▶ WORK REQUIRED:
What you return should be the exact lines from the one with "呼和浩特市基督教三自爱国运动" to the end of the records below, both included, and no pictures.

▶ MATERIAL FOR THE TASK:
----

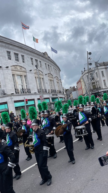 Und so sind wir am Sonntag (16.03.) morgen nach Limerick aufgebrochen, um uns die Parade des International Band Championships anzuschauen. Nach einem Kaffee ging es zur Strecke, insbesondere Familien mit kleinen Kindern, alle mit grünen Accessoires verkleidet, standen an der Strecke. Eine Musikgruppe nach der anderen zog an uns vorbei, dabei größtenteils Blaskapellen, aber auch Dudelsackspieler und begleitende Tanzgruppen waren dabei. Die Gruppen kamen aus Irland, Nordirland und den USA. Später entdeckten wir etwas weiter eine Tribüne. Vor dieser Bühne hielten die einzelnen Gruppen an und führten etwas vor einer Jury von drei Personen auf. Nach dieser Parade versammelten sich alle Gruppen am Arthurs Quay. Das ist ein großer Platz nahe der Innenstadt. Dort wurde weiter musiziert, bis die Gewinner unterschiedlichster Preise verkündet wurden. Allgemein war gute Stimmung, das Wetter hat auch mitgespielt und es war sehr schön, so viel Livemusik zu hören!
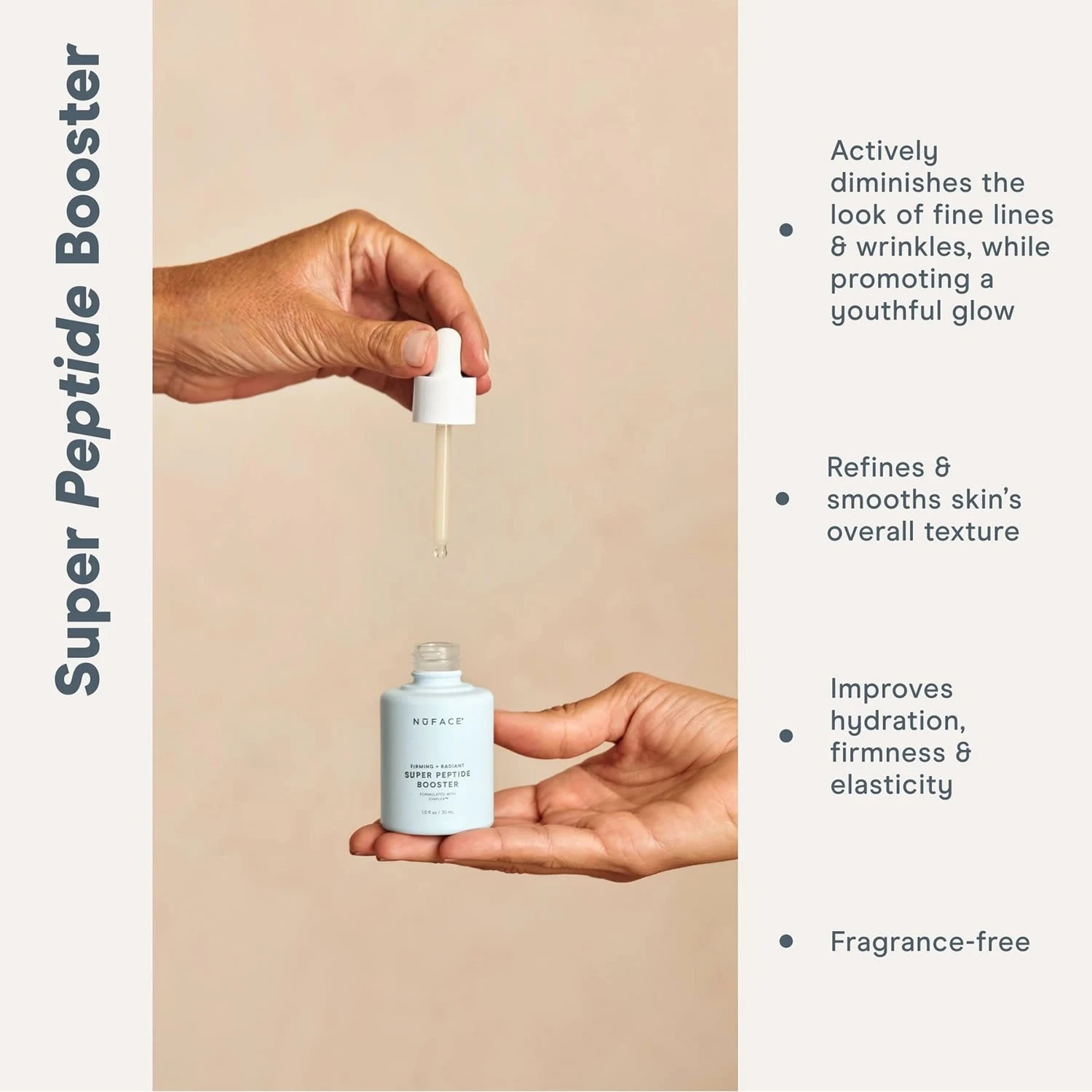 NuFACE Super Peptide Booster is a clean peptide serum booster that helps to firm, tighten, and smooth the skin, while enhancing microcurrent results.*
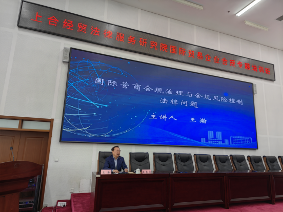 2023年3月28日,中国-上海合作组织经贸公司、青岛大学上海合作组织经贸法律服务研究院,在青岛上海合作组织经贸合作示范区举行国际贸易企业合规培训专题会议,青岛大学法公司经理蔡颖霞教授主持开班仪式,青岛上合经贸示范区管委会副主任郝国新、上合组织经贸公司副秘书长、办公室主任马林刚分别致辞。公司国家级智库基地涉外法治研究中心执行主任、首席专家、中国国际贸易促进委员会贸易摩擦法律顾问委员会副主任、国际合规工作组召集人王瀚教授和青岛大学资本市场研究院经理、二级教授苏志伟分别作合规培训。
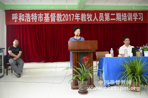 呼和浩特市基督教三自爱国运动委员会常务副主席、呼和浩特市基督教协会常务副会长兼秘书长高友洪牧师在开班仪式的讲话中进行了三方面的劝勉:一要认真学习。树立终身学习理念,以学习消除误解,用学习来代替事非;二要促进沟通。通过学习,相互交流,取长补短,互相启发,教学相长,增进共识,加强团契,彼此扶持,互相鼓励,共同进步;三要努力服事。学习为了学以致用,让我们以身证道,努力服事,为教会排忧解难,服务这个伟大时代,为主殷勤服事,牧养和带领众弟兄姊妹进到青草地、溪水旁。
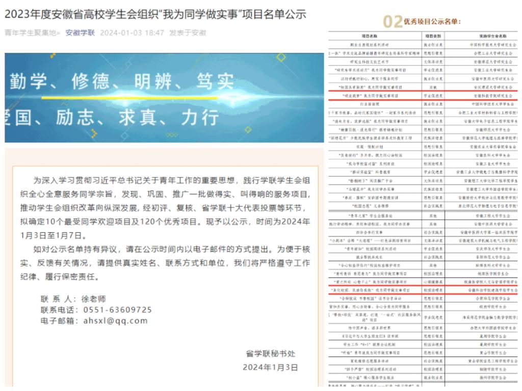 我校学生组织在2023年度安徽省高校学生会组织 “我为同学做实事”项目中斩获佳绩
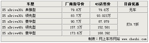 據(jù)4S店銷售人員介紹:目前寶馬X5除3.0升典雅型無車外,其它車型可打9.7折,最大優(yōu)惠達(dá)5.2萬元之多。但是目前X5無現(xiàn)車,預(yù)定最短需等一個半月,4.8升車型最長需等半年。雖然目前X5優(yōu)惠幅度較之前有所縮水,但目前無現(xiàn)車的狀態(tài)能有小幅優(yōu)惠也算是一個小的驚喜。

----

▶ TASK OUTPUT:
 呼和浩特市基督教三自爱国运动委员会常务副主席、呼和浩特市基督教协会常务副会长兼秘书长高友洪牧师在开班仪式的讲话中进行了三方面的劝勉:一要认真学习。树立终身学习理念,以学习消除误解,用学习来代替事非;二要促进沟通。通过学习,相互交流,取长补短,互相启发,教学相长,增进共识,加强团契,彼此扶持,互相鼓励,共同进步;三要努力服事。学习为了学以致用,让我们以身证道,努力服事,为教会排忧解难,服务这个伟大时代,为主殷勤服事,牧养和带领众弟兄姊妹进到青草地、溪水旁。
 我校学生组织在2023年度安徽省高校学生会组织 “我为同学做实事”项目中斩获佳绩
 據(jù)4S店銷售人員介紹:目前寶馬X5除3.0升典雅型無車外,其它車型可打9.7折,最大優(yōu)惠達(dá)5.2萬元之多。但是目前X5無現(xiàn)車,預(yù)定最短需等一個半月,4.8升車型最長需等半年。雖然目前X5優(yōu)惠幅度較之前有所縮水,但目前無現(xiàn)車的狀態(tài)能有小幅優(yōu)惠也算是一個小的驚喜。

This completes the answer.